Икону брат Зиновий называл окном в горний мир и самым важным для ее создания считал соблюдение поста. Основные качества иконы — ее внутренний свет и глубина — достигались прежде всего духовными средствами. И хотя техническая сторона дела не была для него второстепенной, при определенной настойчивости он считал ее достижимой для любого. Насколько я могу судить, сам он техникой письма владел бесподобно. Мне трудно выражать свое впечатление в той сфере, где я мало что смыслю, но написанные им иконы, несмотря на их условность и символику (зачастую мне непонятную), казались мне живыми. Определенную роль в этом играли особые минеральные краски, использовавшиеся братом Зиновием. Даже будучи нанесенными на поверхность, они сохраняли свою зернистую структуру и блестели микроскопическими разноцветными гранями. При том же, что иконные доски по старинному обычаю тесались топором и не доводились до абсолютной гладкости, игра красок на неровностях была удивительной, особенно при свете свечей.

— Когда входишь в храм и медленно идешь к иконе, — его ладони медленно плыли вперед, — кажется, что и она двигается.

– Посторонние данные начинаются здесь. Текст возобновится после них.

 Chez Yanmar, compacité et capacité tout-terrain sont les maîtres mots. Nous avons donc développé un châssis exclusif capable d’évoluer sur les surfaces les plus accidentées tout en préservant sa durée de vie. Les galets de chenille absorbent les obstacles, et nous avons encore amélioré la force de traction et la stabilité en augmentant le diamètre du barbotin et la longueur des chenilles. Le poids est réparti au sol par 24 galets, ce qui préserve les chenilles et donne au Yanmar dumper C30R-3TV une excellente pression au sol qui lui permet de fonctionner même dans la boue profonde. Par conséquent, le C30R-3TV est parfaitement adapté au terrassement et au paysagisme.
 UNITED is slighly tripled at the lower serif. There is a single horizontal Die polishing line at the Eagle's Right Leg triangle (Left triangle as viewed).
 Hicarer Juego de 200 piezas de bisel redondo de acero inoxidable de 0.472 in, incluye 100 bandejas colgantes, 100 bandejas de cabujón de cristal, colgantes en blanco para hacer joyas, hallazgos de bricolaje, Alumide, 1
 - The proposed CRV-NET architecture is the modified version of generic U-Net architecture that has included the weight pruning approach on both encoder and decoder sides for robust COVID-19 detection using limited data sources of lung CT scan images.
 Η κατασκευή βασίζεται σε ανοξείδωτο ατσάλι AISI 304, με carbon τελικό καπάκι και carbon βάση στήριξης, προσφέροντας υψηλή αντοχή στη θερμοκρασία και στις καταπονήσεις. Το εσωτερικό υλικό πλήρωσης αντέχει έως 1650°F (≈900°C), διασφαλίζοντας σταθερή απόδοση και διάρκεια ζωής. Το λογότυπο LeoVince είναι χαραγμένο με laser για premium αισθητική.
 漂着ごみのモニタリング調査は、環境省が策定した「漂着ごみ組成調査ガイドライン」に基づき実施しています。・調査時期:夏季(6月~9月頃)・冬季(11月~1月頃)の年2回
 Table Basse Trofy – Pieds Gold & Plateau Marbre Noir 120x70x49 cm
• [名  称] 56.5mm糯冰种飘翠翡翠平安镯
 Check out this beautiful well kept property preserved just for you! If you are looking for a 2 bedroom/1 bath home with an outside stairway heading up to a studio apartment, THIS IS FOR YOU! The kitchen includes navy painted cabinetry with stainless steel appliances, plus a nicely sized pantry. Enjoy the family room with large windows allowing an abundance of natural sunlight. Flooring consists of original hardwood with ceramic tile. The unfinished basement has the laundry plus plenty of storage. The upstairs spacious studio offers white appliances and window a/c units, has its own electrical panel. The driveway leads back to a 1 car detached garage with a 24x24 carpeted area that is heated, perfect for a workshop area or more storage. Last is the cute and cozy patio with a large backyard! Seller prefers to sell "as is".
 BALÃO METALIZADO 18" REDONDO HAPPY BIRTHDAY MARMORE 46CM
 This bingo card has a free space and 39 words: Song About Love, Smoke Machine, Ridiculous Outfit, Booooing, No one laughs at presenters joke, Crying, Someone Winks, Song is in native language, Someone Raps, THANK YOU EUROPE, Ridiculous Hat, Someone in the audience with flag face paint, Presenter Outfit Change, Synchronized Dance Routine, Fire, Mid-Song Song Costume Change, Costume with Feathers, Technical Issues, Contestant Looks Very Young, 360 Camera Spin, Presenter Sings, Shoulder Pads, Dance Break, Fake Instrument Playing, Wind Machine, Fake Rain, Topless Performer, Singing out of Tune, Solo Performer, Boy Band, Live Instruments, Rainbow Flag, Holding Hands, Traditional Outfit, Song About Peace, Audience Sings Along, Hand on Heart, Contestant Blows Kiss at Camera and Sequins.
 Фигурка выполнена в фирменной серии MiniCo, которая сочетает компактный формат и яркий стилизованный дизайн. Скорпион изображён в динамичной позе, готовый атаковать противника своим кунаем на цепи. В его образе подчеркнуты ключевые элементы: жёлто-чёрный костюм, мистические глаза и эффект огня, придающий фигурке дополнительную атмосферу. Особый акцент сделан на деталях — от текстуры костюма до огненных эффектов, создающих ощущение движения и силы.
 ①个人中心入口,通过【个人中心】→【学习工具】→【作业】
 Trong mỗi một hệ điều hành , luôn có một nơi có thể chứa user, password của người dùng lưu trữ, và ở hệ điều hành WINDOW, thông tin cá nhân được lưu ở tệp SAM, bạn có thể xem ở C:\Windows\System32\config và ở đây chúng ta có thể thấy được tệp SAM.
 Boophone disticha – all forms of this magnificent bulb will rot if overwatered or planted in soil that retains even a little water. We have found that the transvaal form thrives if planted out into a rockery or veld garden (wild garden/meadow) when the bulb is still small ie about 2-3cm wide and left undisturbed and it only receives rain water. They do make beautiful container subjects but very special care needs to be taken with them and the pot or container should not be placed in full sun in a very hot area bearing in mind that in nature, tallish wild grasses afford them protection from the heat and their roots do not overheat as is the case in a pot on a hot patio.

С какой бы новой точки ты на нее не смотрел, она всегда разная.

Многое из того, что мне рассказал брат Зиновий, не осталось в моей памяти. Я, повторяю, был заворожен его тихим, несколько монотонным повествованием, где, запиши я его, запятая была бы единственным знаком препинания. Это было мыслями вслух, чем-то не связанным с моим присутствием, тихим и ненавязчивым, как ручей. Я бы назвал это потоком сознания, если бы не раздражающая

расхристанность большинства подобных текстов, их неспособность удержаться в избранном русле или ответить на простой вопрос: о чем это? В отличие от слабо организованного сознания этих текстов, повествование брата Зиновия умело сосредоточиться на одном предмете. Все, что он успел произнести в наши две встречи, было только об иконах. Это был, несомненно, какой-то другой поток, с которым в меня вливались спокойствие и умиротворение. Мне запомнился его рассказ о «Троице» Рублева. То, что происходило там между ангелами, он называл безмолвной беседой. Слушая его, я почему-то подумал, что речь его пребывает на полпути к безмолвию.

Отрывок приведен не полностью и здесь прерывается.